** Opening Exercise inputs block **

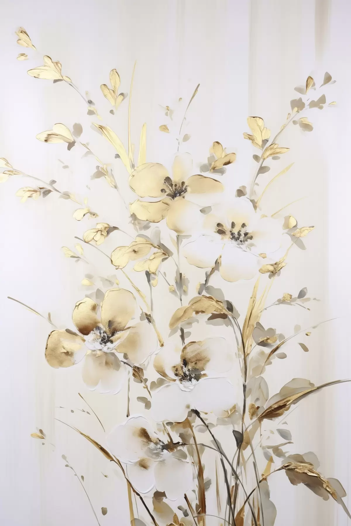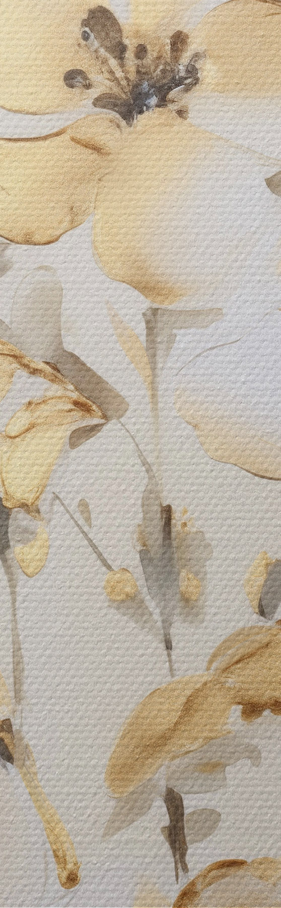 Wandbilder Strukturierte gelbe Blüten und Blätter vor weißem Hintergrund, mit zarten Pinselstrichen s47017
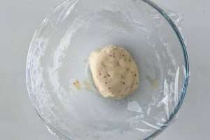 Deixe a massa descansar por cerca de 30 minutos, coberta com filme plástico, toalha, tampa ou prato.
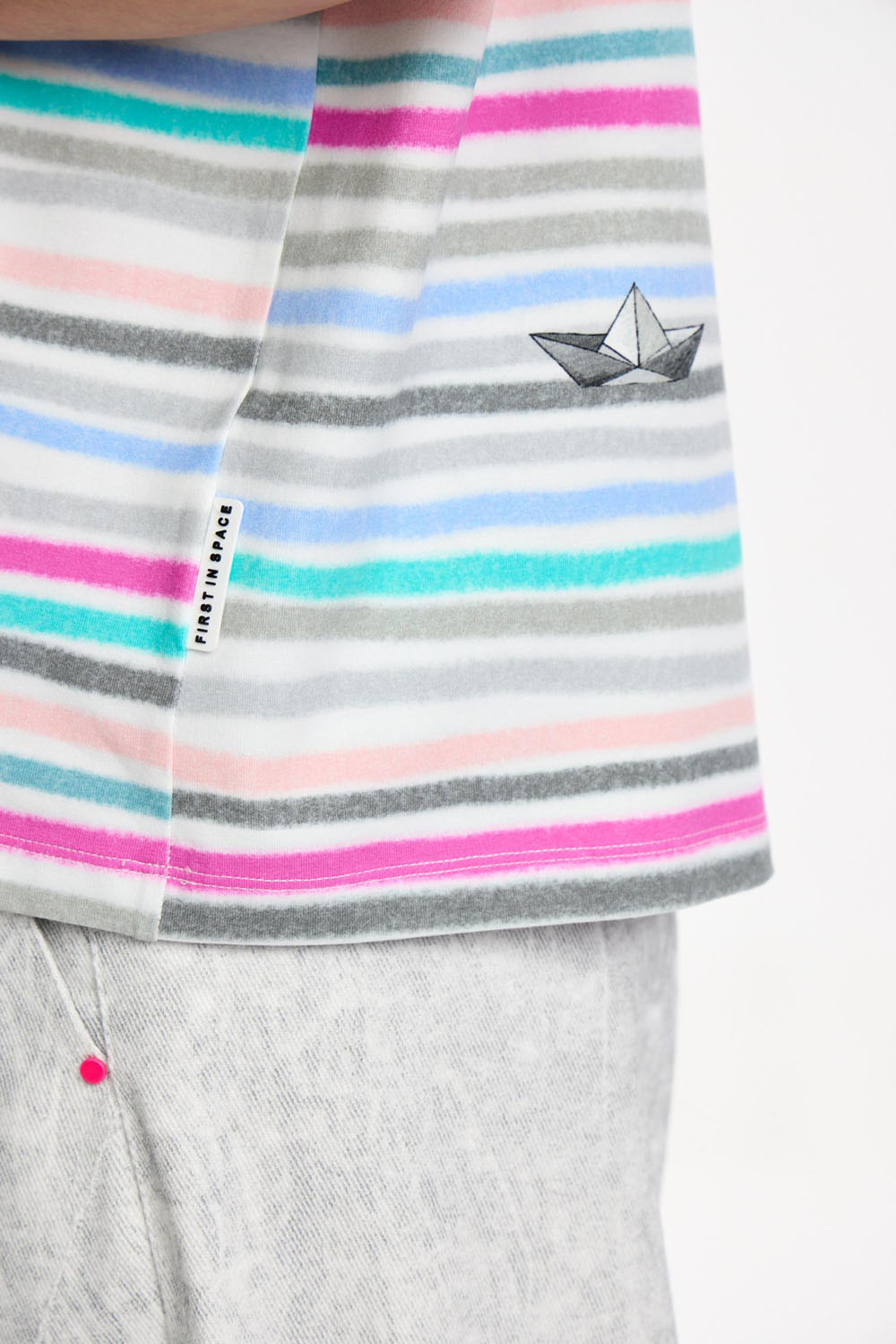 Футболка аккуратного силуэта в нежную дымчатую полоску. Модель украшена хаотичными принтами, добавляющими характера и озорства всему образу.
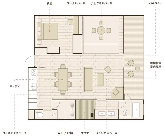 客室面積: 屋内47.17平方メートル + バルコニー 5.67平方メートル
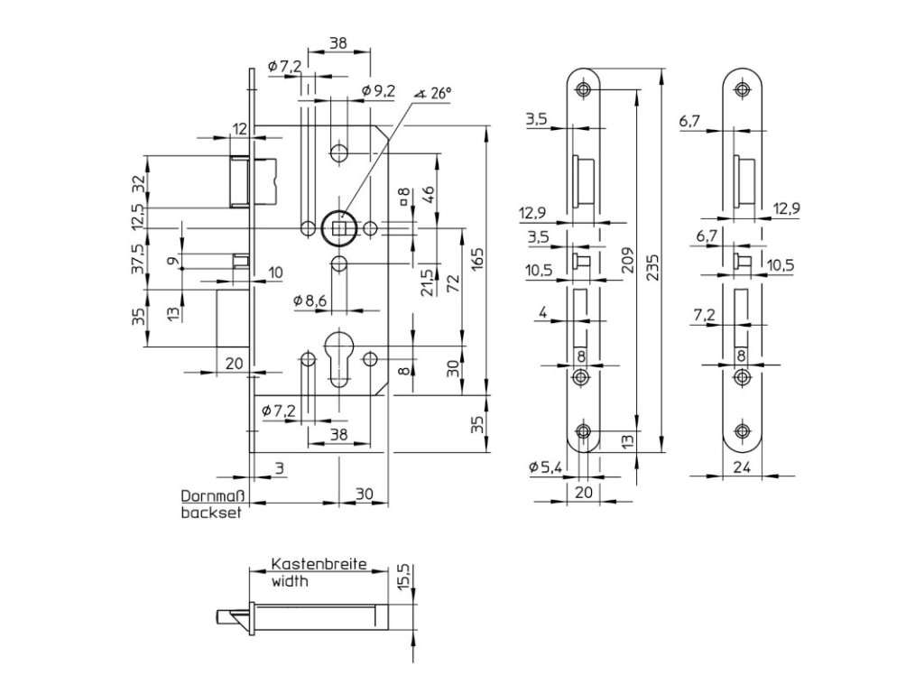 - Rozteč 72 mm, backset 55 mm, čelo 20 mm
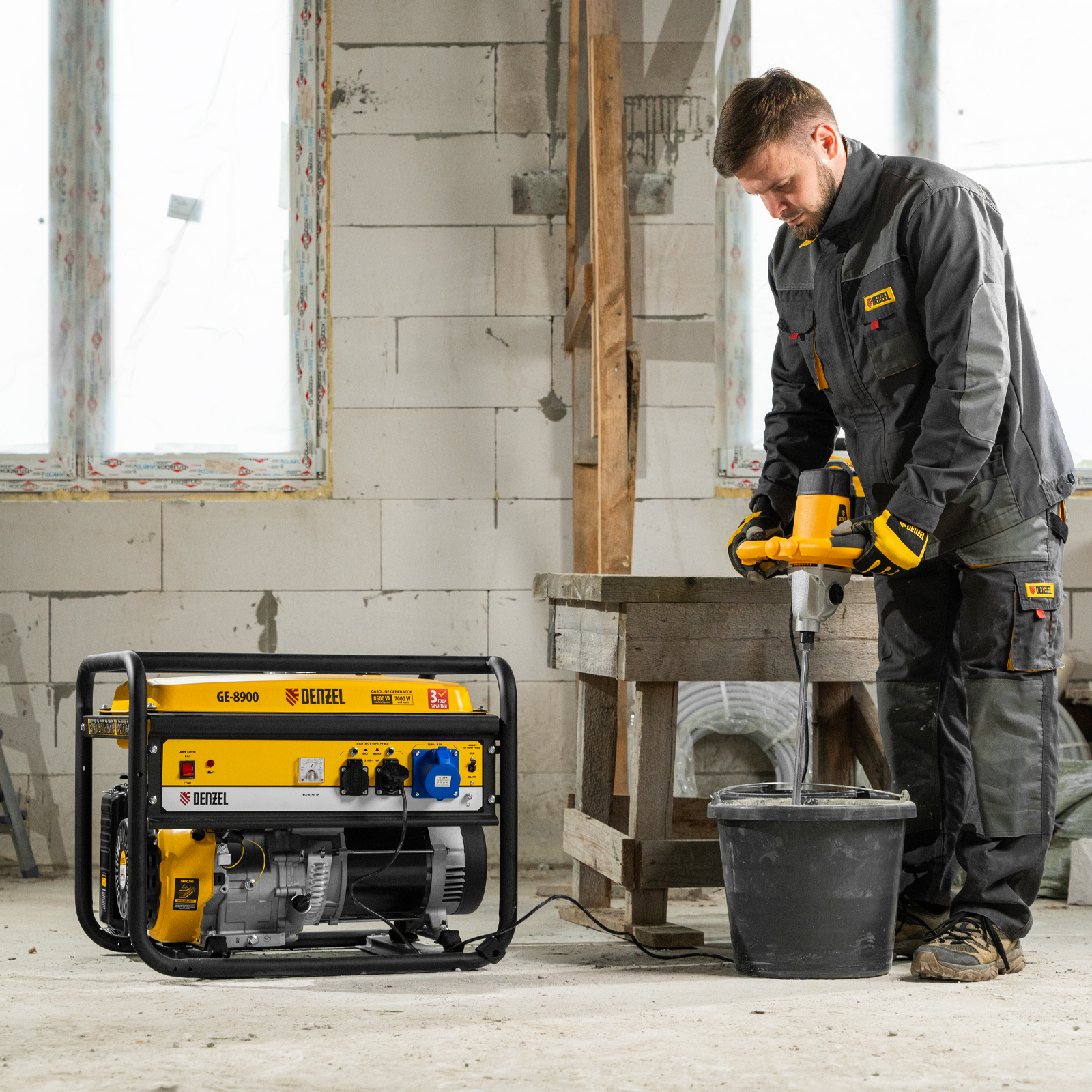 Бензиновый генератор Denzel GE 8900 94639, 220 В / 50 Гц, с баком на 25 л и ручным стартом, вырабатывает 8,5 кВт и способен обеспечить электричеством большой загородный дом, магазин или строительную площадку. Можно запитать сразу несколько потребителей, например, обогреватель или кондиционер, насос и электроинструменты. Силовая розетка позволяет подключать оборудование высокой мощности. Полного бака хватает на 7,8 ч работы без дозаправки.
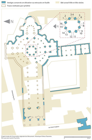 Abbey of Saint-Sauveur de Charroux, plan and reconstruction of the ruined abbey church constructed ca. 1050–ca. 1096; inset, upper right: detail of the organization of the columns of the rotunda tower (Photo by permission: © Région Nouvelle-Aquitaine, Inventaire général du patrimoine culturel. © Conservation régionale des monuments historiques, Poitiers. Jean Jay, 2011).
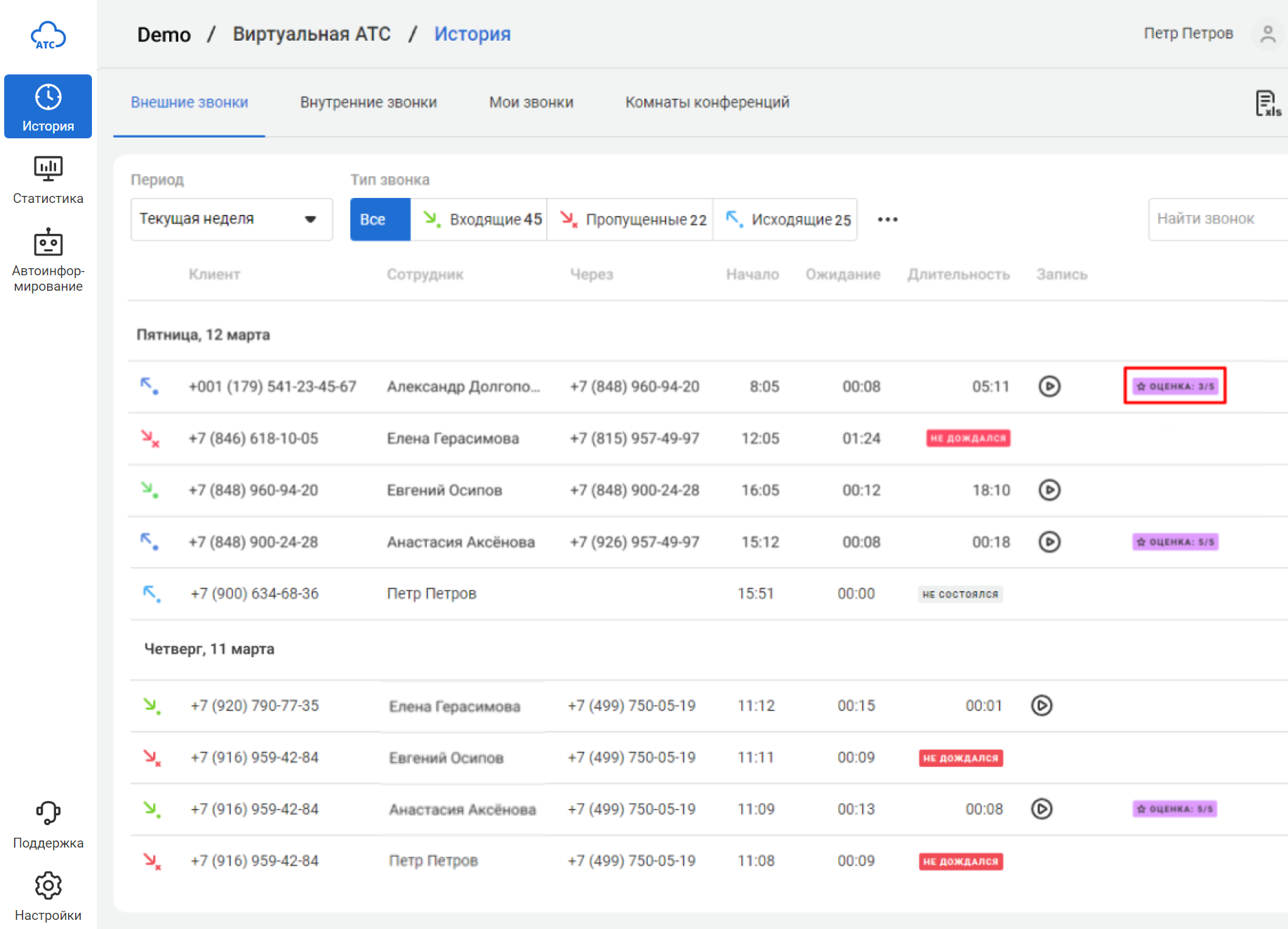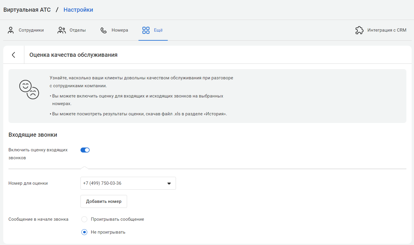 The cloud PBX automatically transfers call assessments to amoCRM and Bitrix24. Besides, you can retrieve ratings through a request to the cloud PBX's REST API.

** Closing Exercise inputs block **

About this task: Could you reproduce exactly the lines from the one containing "Abbey of Saint-Sauveur" through the last line of the records, both included, leaving out the pictures?

Solution below:
 Abbey of Saint-Sauveur de Charroux, plan and reconstruction of the ruined abbey church constructed ca. 1050–ca. 1096; inset, upper right: detail of the organization of the columns of the rotunda tower (Photo by permission: © Région Nouvelle-Aquitaine, Inventaire général du patrimoine culturel. © Conservation régionale des monuments historiques, Poitiers. Jean Jay, 2011).
 The cloud PBX automatically transfers call assessments to amoCRM and Bitrix24. Besides, you can retrieve ratings through a request to the cloud PBX's REST API.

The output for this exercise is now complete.